Spatio-temporal deep learning for modeling dynamic drop-surface interactions
Loading...
Date issued
Authors
Editors
Journal Title
Journal ISSN
Volume Title
Publisher
Reuse License
Description of rights: InC-1.0
Abstract
Sliding water drops are a familiar everyday phenomenon, for example on windows, but they also play an important role in many industrial processes. They serve as sensitive probes of wetting, adhesion, friction, and electrostatic charges, yet quantitative analysis remains difficult. In particular, friction forces depend on the contact-line width and dynamic advancing and receding contact angles. Measuring these quantities across the sliding path is difficult because front-view, high-resolution imaging requires complex optics and restricts the observable area.
This dissertation presents a single-view quantitative drop measurement framework that extracts drop geometry and dynamics from high-speed side-view videos using a combination of signal processing, computer vision, machine learning, and time series modeling.

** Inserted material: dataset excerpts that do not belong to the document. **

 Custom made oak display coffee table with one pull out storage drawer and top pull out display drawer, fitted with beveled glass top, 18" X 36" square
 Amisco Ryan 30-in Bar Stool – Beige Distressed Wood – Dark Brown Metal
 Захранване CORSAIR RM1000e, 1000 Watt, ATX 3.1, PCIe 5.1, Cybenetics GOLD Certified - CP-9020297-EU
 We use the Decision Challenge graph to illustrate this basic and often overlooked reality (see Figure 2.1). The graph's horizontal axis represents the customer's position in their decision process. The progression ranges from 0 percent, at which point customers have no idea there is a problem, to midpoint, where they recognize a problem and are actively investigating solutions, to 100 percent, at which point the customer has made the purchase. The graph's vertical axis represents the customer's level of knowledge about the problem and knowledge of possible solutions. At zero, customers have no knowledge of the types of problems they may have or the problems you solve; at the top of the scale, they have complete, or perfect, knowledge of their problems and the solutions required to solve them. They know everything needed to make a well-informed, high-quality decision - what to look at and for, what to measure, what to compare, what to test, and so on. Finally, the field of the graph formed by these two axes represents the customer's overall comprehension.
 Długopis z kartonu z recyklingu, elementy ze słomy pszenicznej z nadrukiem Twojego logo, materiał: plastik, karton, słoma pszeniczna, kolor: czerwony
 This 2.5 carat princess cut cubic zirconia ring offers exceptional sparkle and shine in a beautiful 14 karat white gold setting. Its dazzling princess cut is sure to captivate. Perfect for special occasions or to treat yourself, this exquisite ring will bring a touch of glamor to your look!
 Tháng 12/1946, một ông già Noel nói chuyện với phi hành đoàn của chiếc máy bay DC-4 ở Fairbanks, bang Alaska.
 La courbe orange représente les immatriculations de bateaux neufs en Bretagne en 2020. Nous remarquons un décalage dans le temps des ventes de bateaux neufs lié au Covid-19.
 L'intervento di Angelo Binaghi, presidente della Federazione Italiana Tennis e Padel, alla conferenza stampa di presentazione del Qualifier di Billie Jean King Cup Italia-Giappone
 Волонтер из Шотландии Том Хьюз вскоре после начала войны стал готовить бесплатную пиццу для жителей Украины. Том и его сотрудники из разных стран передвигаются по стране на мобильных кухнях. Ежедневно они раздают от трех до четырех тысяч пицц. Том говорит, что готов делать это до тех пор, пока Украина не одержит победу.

It enables automated analysis without additional cameras or mirror-based front-view setups and makes it possible to track drop metrics across the full sliding path.
First, the 4-segment super-resolution optimized-fitting (4S-SROF) method couples an Efficient Sub-Pixel Convolutional Network with an optimized polynomial fitting strategy to reconstruct high-resolution drop contours and extract dynamic contact angles from low-resolution videos. The method improves contact-angle accuracy by about 20% for angles below 90◦ and 30% above 90◦, while remaining computationally efficient for large datasets.
Second, the dissertation formulates front-view contact-line width estimation as a temporal inference problem from side-view measurements. Using water and water–glycerol drops on surfaces with controlled chemical and topographic patterns, an LSTM model achieves an RMSE of about 67 µm (approximately 2.4% relative error) and reconstructs drop width continuously along the sliding path, avoiding the mirror or second-camera limitation of front-view imaging.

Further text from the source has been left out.